───── MATERIAL FOR THE TASK

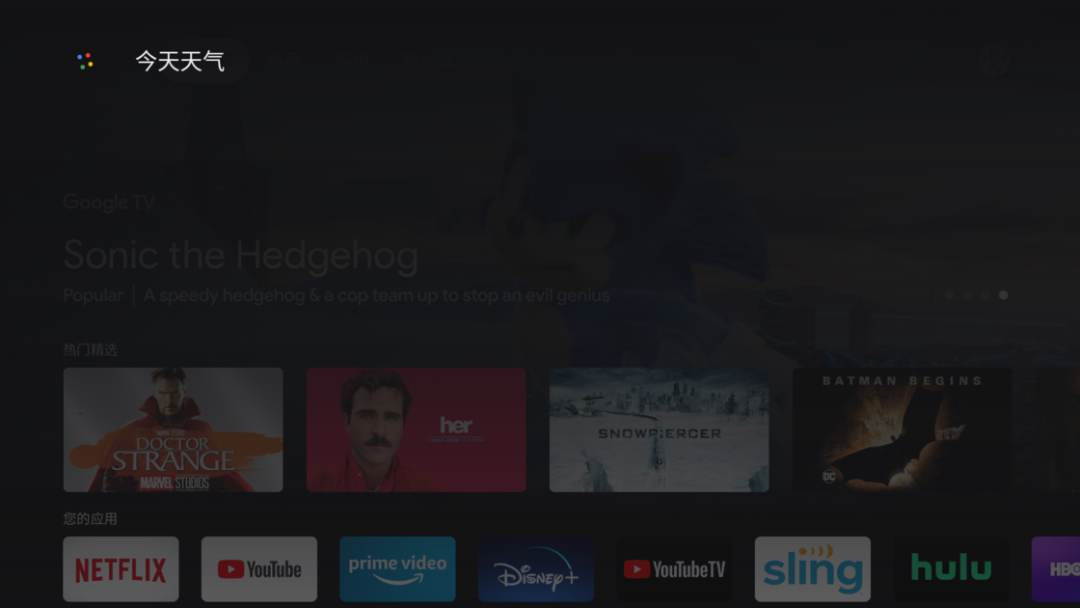 除了推荐很有 Google 特色外,其它地方和 Android TV 差异不大,应用都是和 Android TV 版本的一样。系统设置里也可以看到就是 Android TV 10,不过版本很新。
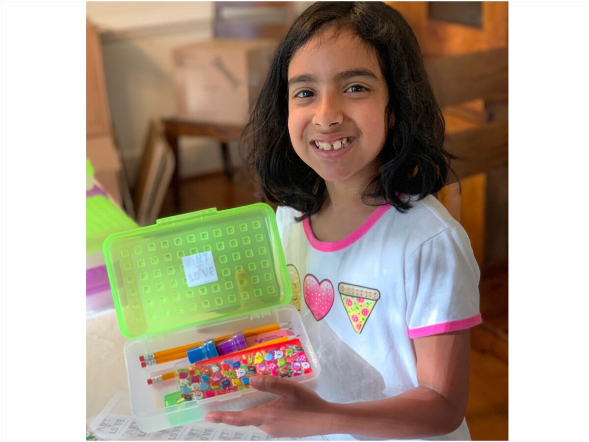Ava, now ten, started the nonprofit with her family when she was nine. “Before we started it, I didn’t realize how many kids didn’t have art supplies and homes and now that I realize that it makes me want to help more,” she says.
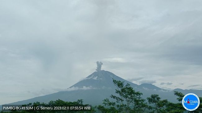 Gunung Semeru di Lumajang, kembali erupsi. Erupsi terjadi pukul 07.54 WIB, Sabtu (11/2/2023). Tinggi letusan 600 meter di atas puncak mahameru atau 4.276 meter di atas permukaan laut.
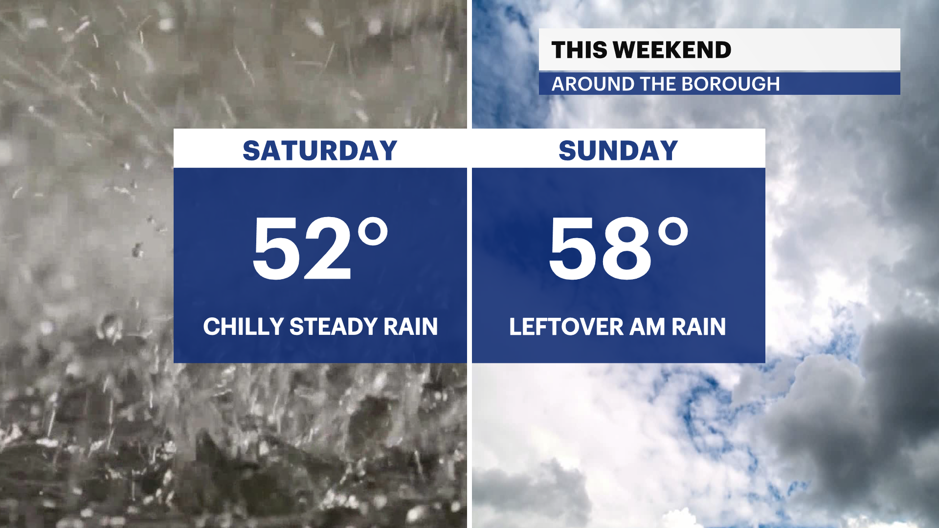 This weekend will be cooler with highs in the 50s. A slow-moving front will bring steady rain Saturday midday into early Sunday morning. Saturday will be a nasty day with rain, breezy conditions, and chilly temperatures. Close to an inch of rainfall is likely with any downpours. Wet roads, large puddles and low visibility will bring messy driving conditions Saturday afternoon and evening. The storm system exits Sunday morning with the second half of the day trending drier under a mostly cloudy sky.
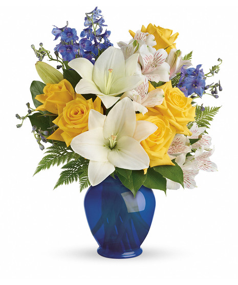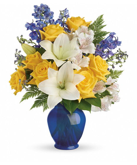 Treat them to a day at the shore, in the comfort of their home! This invigorating mix of yellow roses, white lilies and blue delphinium captures the spirit and shades of the shoreline. Hand-delivered in a bold blue ginger jar, it's a delightful gift any time of year!

──────────

WHAT YOU ARE ASKED TO DO → Exactly as they appear above, print all the lines, but not the pictures.

RESULT →
 除了推荐很有 Google 特色外,其它地方和 Android TV 差异不大,应用都是和 Android TV 版本的一样。系统设置里也可以看到就是 Android TV 10,不过版本很新。
Ava, now ten, started the nonprofit with her family when she was nine. “Before we started it, I didn’t realize how many kids didn’t have art supplies and homes and now that I realize that it makes me want to help more,” she says.
 Gunung Semeru di Lumajang, kembali erupsi. Erupsi terjadi pukul 07.54 WIB, Sabtu (11/2/2023). Tinggi letusan 600 meter di atas puncak mahameru atau 4.276 meter di atas permukaan laut.
 This weekend will be cooler with highs in the 50s. A slow-moving front will bring steady rain Saturday midday into early Sunday morning. Saturday will be a nasty day with rain, breezy conditions, and chilly temperatures. Close to an inch of rainfall is likely with any downpours. Wet roads, large puddles and low visibility will bring messy driving conditions Saturday afternoon and evening. The storm system exits Sunday morning with the second half of the day trending drier under a mostly cloudy sky.
 Treat them to a day at the shore, in the comfort of their home! This invigorating mix of yellow roses, white lilies and blue delphinium captures the spirit and shades of the shoreline. Hand-delivered in a bold blue ginger jar, it's a delightful gift any time of year!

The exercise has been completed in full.